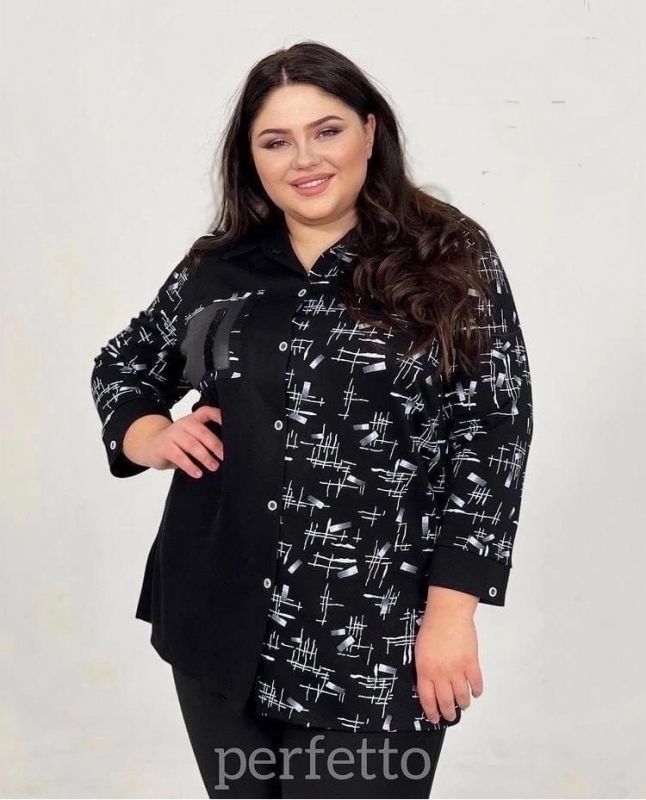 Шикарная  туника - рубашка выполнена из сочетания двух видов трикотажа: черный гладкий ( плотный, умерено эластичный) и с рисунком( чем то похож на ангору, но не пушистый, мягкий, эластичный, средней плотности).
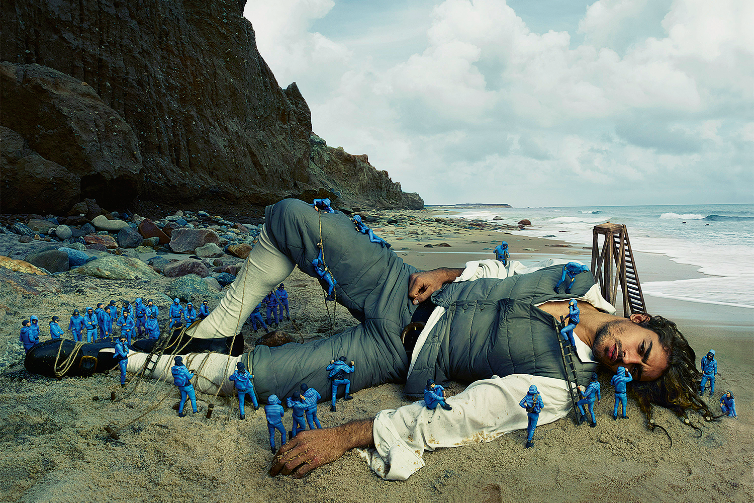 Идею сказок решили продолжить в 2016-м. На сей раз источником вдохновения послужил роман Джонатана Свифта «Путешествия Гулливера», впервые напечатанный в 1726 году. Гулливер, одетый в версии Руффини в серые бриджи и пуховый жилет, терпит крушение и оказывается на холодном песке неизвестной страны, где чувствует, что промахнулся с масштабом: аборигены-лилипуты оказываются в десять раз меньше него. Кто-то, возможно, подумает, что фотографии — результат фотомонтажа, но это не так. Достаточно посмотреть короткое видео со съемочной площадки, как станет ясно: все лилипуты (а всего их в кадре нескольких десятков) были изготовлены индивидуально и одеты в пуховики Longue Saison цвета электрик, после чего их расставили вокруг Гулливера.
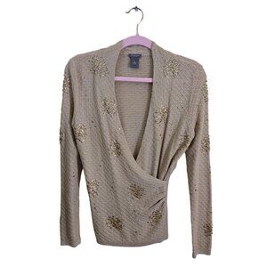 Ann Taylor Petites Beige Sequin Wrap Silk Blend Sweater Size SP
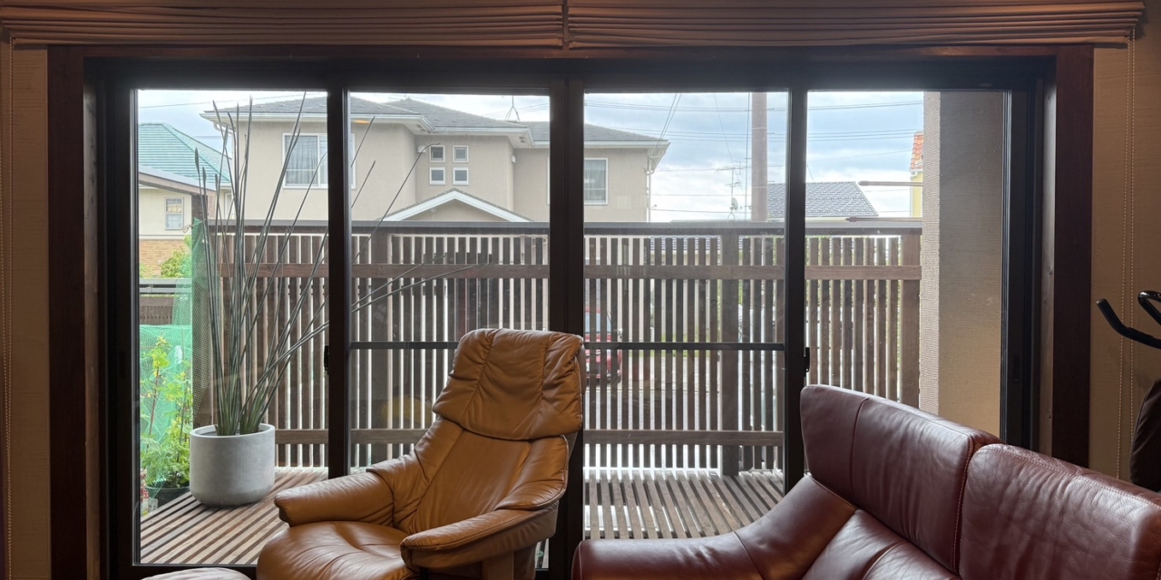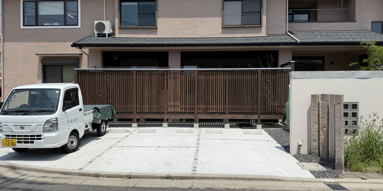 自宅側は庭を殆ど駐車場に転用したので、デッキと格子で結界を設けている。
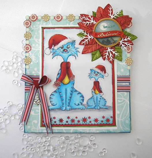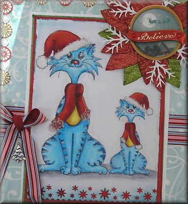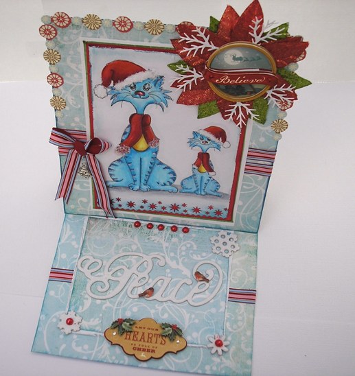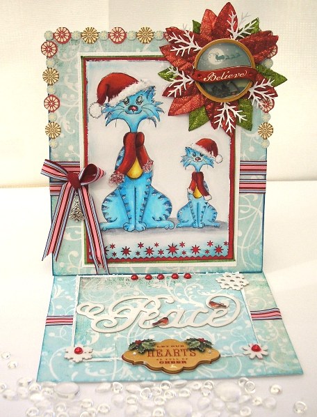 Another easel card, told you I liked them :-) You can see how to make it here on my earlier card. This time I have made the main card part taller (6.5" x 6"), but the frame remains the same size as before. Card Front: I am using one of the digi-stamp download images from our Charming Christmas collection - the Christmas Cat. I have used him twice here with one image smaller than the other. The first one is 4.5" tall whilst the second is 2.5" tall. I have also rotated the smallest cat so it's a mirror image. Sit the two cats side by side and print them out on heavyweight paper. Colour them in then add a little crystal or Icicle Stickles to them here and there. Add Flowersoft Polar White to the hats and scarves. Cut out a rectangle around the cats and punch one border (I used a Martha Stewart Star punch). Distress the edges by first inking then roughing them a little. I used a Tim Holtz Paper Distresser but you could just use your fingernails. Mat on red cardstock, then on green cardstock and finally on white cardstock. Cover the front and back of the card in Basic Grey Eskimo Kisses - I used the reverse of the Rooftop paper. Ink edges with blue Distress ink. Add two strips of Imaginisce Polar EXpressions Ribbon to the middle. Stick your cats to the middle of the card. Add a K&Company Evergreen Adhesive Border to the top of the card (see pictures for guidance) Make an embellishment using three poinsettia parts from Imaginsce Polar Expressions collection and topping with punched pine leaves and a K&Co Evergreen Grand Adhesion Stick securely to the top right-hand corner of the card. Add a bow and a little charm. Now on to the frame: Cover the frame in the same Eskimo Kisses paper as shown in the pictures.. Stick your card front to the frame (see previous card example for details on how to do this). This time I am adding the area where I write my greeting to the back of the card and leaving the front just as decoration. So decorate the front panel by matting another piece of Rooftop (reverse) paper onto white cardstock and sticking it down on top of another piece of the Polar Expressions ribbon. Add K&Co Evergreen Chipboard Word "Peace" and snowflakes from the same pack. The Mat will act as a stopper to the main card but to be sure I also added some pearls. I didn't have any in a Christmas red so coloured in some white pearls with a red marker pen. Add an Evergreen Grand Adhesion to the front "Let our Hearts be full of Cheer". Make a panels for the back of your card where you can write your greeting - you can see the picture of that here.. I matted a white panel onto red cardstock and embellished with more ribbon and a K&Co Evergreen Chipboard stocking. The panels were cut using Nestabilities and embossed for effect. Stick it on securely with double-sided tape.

- **Description of the task**: Give the lines again word for word, from the start of the records to the line holding "自宅側は庭を殆ど駐車場に転用したので、デッキと格子で結界を設けている。", both included, and leave out any picture.

- **Response area**:
 Шикарная  туника - рубашка выполнена из сочетания двух видов трикотажа: черный гладкий ( плотный, умерено эластичный) и с рисунком( чем то похож на ангору, но не пушистый, мягкий, эластичный, средней плотности).
 Идею сказок решили продолжить в 2016-м. На сей раз источником вдохновения послужил роман Джонатана Свифта «Путешествия Гулливера», впервые напечатанный в 1726 году. Гулливер, одетый в версии Руффини в серые бриджи и пуховый жилет, терпит крушение и оказывается на холодном песке неизвестной страны, где чувствует, что промахнулся с масштабом: аборигены-лилипуты оказываются в десять раз меньше него. Кто-то, возможно, подумает, что фотографии — результат фотомонтажа, но это не так. Достаточно посмотреть короткое видео со съемочной площадки, как станет ясно: все лилипуты (а всего их в кадре нескольких десятков) были изготовлены индивидуально и одеты в пуховики Longue Saison цвета электрик, после чего их расставили вокруг Гулливера.
 Ann Taylor Petites Beige Sequin Wrap Silk Blend Sweater Size SP
 自宅側は庭を殆ど駐車場に転用したので、デッキと格子で結界を設けている。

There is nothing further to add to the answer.